The present data indicate that negative campaigning works, but I wonder if positive campaigning could work. When Paul Wellstone (hardly someone I like ideologically) first ran for Senate, one of his ads was a fabulously up-beat, hyper affair in which he ran from place to place, introducing himself and his qualifications.

Blagojevich flirted with such sensible advertising once or twice, touting job growth and an improved budget (I don't know if either of these is actually true). I would like to have heard Topinka tell us why guns are good (I think that they are). Rich Whitney did pretty well giving us actual ideas, and I wish the media would have given him more time to espouse them. That's really the problem here, not the negative ads themselves, but the media's laziness and unwillingness to actually consider the various political ideas and give them the necessary time. Sure not everyone will stay awake through such a venture, but a great many educated, thoughtful people will. Perhaps that's not the demographic that the advertisers are targeting......

12:36 PM  
Blogger Germanicu$ said...

Lately, I have begun to think that guns are good. Or more accurately, I have forgotten the counter arguments to the compelling libertarian underpinnings of the gun nuts' arguments. I think it was the referendum on my ballot regarding an assault weapons ban, which I voted against. I hadn't even read up on it and I could tell it was some non-binding piece of claptrap. Lost that one, 85%-15% .
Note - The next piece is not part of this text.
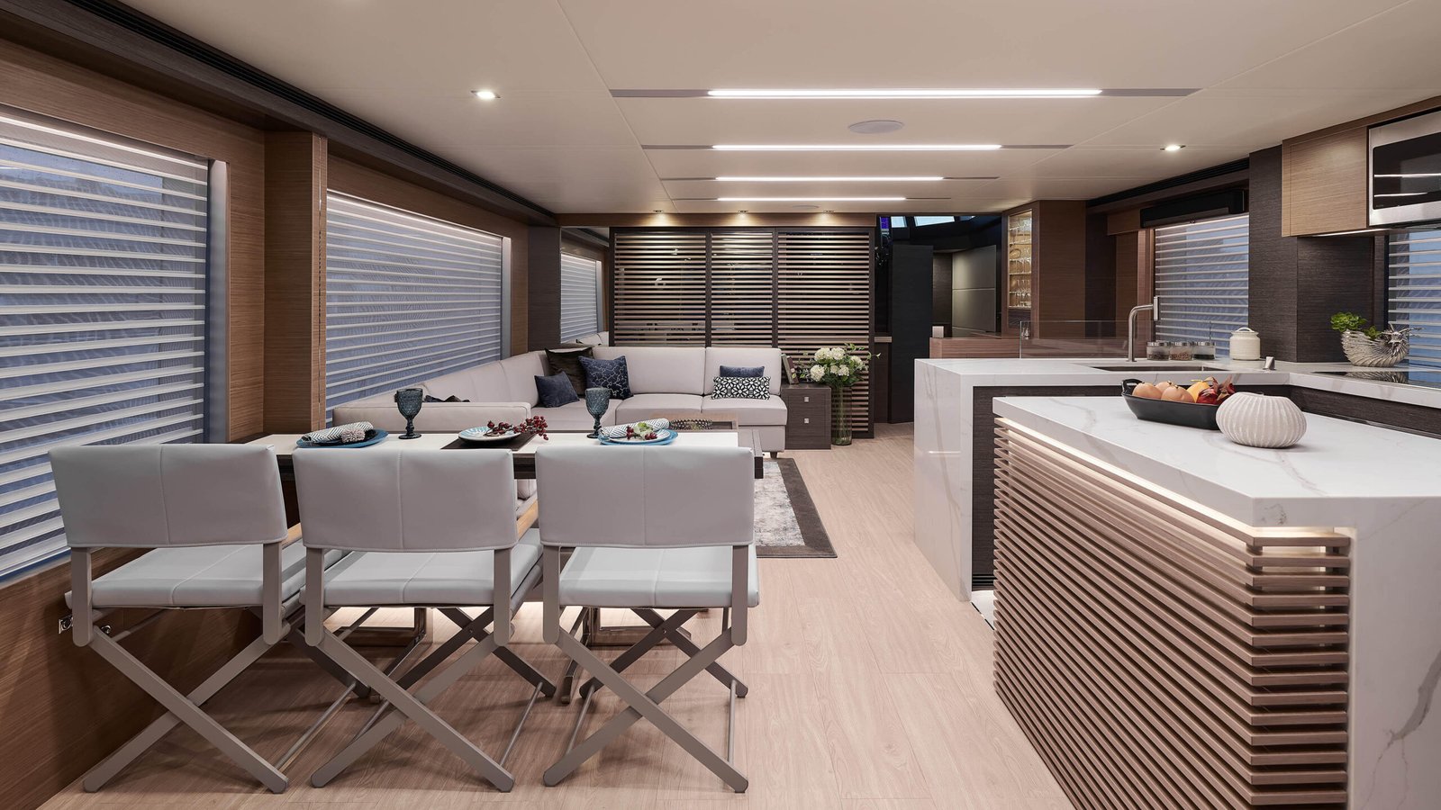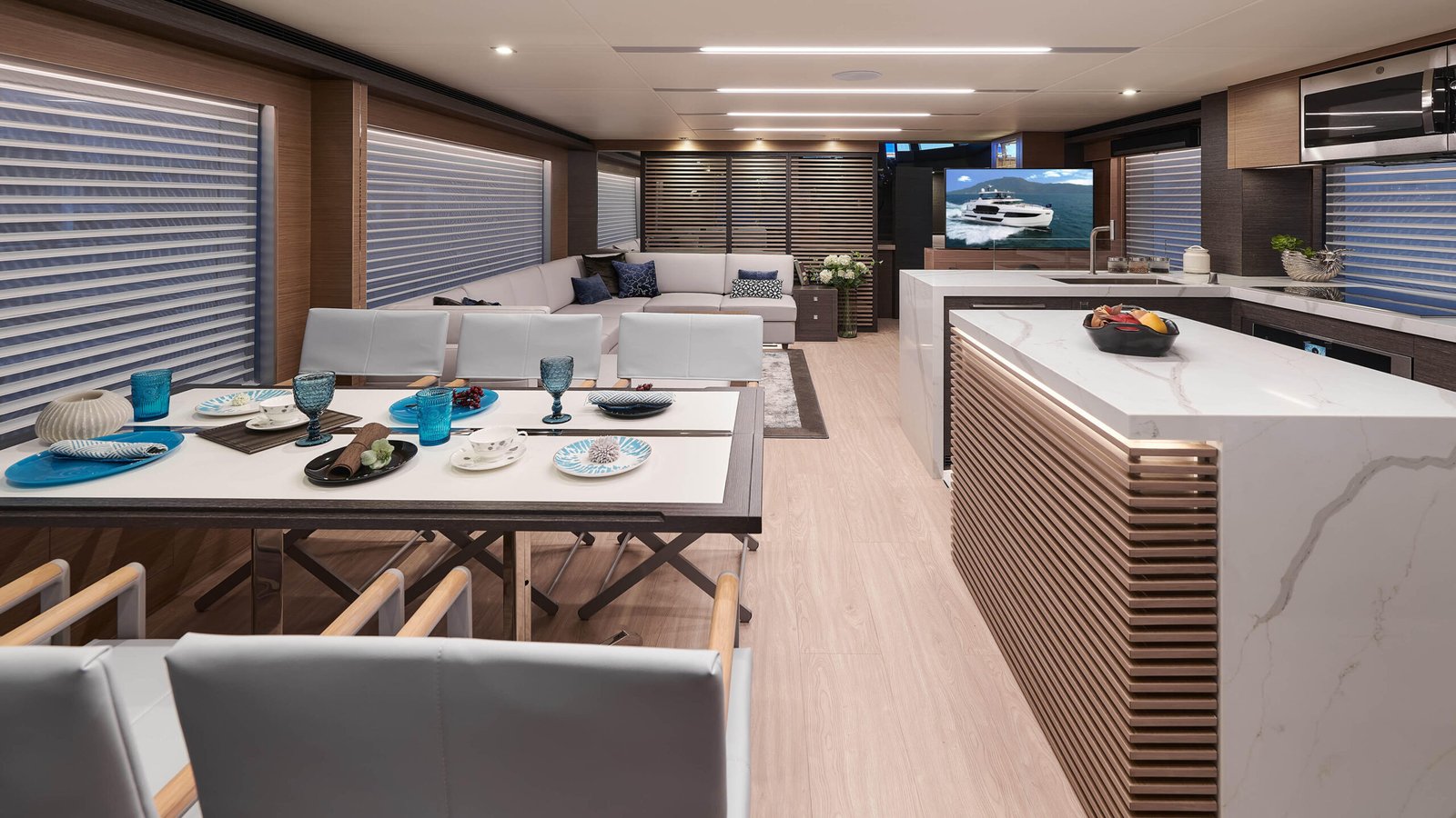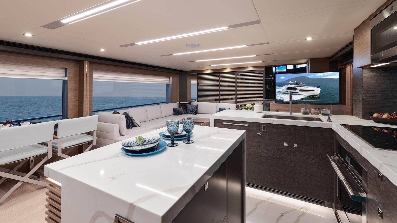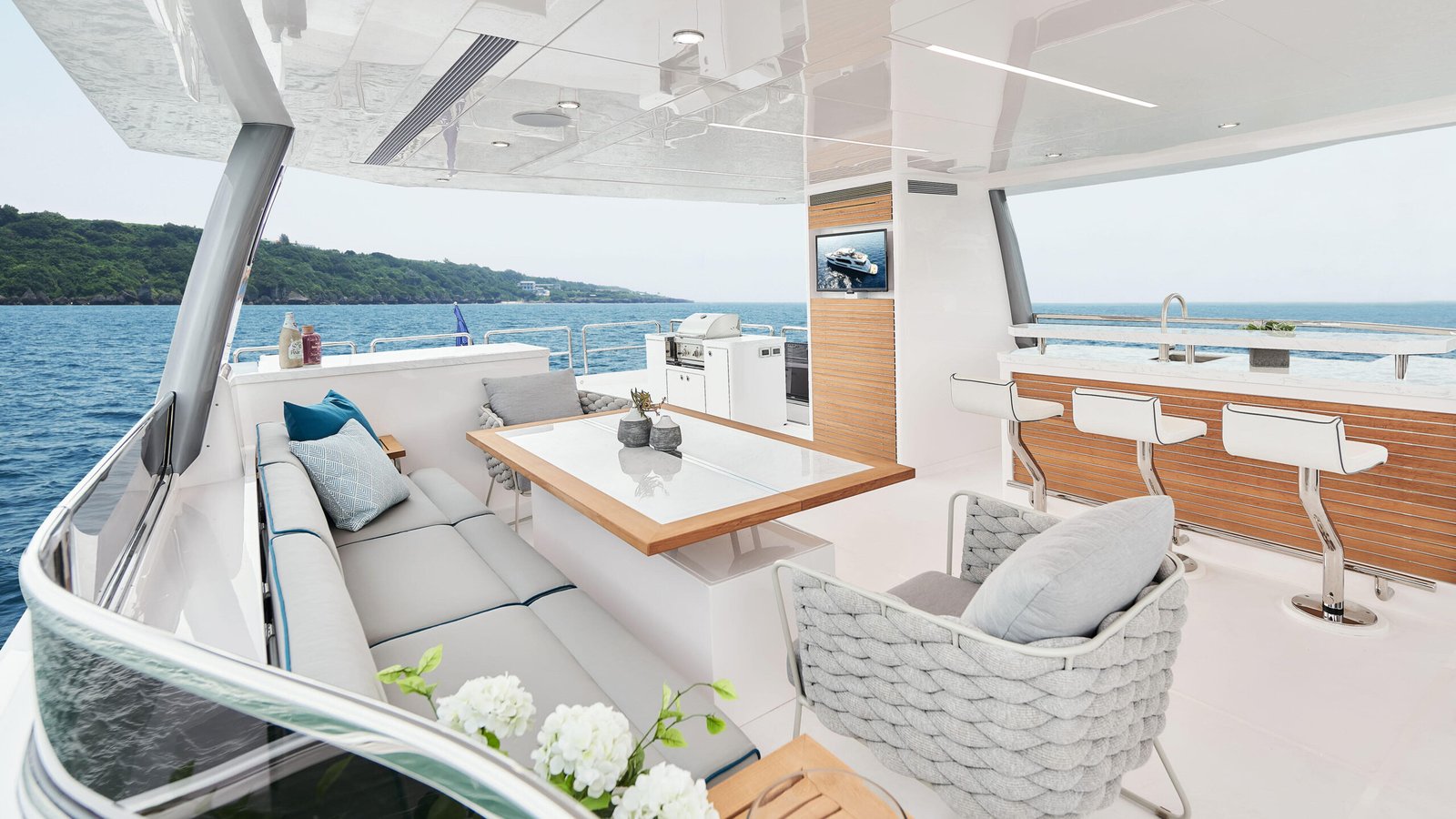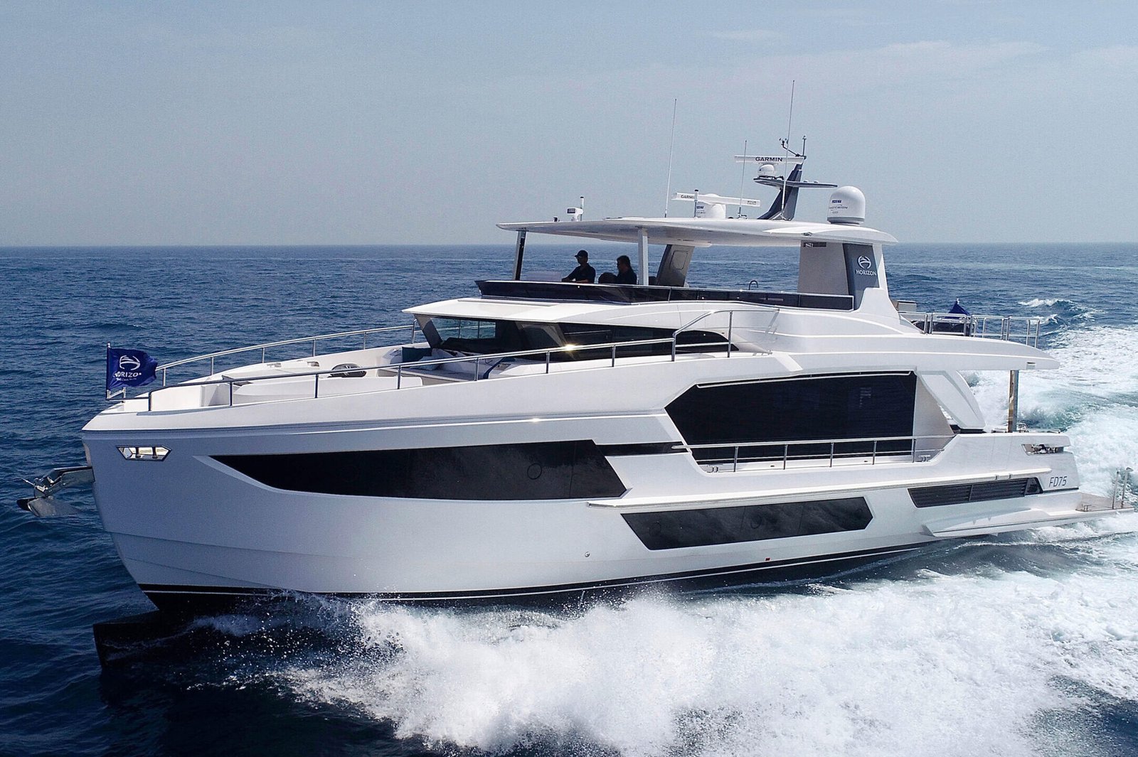 The Horizon Yachts FD75 is a luxury yacht that perfectly marries innovation with elegance, offering a refined cruising experience. With a length of 22.86 meters (approximately 75 feet), this yacht is designed to provide ample space and superior comfort for those who appreciate the finer things in life. The exterior design, conceptualized by the renowned Cor D. Rover, features a sleek, modern profile that stands out on any waterway. The FD75 is crafted with a GRP hull, ensuring durability and stability while maintaining a lightweight structure. Powered by twin Caterpillar C18 ACERT engines, this yacht achieves a cruising speed of 16 knots and can reach a maximum speed of 20 knots, offering both efficiency and power for long-distance voyages. Inside, the yacht is designed by Horizon’s in-house team, providing a luxurious and sophisticated atmosphere. The interior boasts high-end materials, attention to detail, and a spacious layout that accommodates up to 8 guests comfortably in 4 well-appointed cabins. The main deck is designed for socializing, featuring an open-plan salon and dining area that seamlessly connects to the outdoor spaces. The flybridge is another highlight, providing panoramic views and a perfect spot for relaxation or entertaining guests. The FD75 has a fuel capacity of 9,085 liters, giving it an impressive range for extended cruising adventures. With every detail meticulously crafted, the Horizon FD75 represents a pinnacle of luxury and performance in the yachting world.

At least Rich Whitney polled double digits. That might be the best showing a big-ticket 3rd party candidate I've voted for has ever done.

8:48 PM  
Blogger Notobamasfool said...

I also voted for Whitney, shocking my friends in DeKalb.

It's kind of hard to come out for guns without sounding like some incestuous country bumpkin (but some day I'll get that far). It's not a position I would ever have taken save my time in West Virginia when I saw gun rights in action. Contrary to popular belief, there were no shootouts and people weren't pulling weapons out on the guy who just cut them off. Really, the drivers were far more genteel, but perhaps just because there were less of them, or even because they knew not to piss off other drivers who probably had guns....

At any rate, it always pisses me off when people living in North Evanston tell people living in Rogers Park that they ought not be able to own a handgun (which neither can, incidentally), and as far as assault weapons go, obviously criminals are going to make up 99% of assault weapons possessions in Cook County in the first place. Being as though they don't follow the laws, AND that they are the ones we're worried about, such a ban just doesn't make a whole lot of sense to this insomniac retard.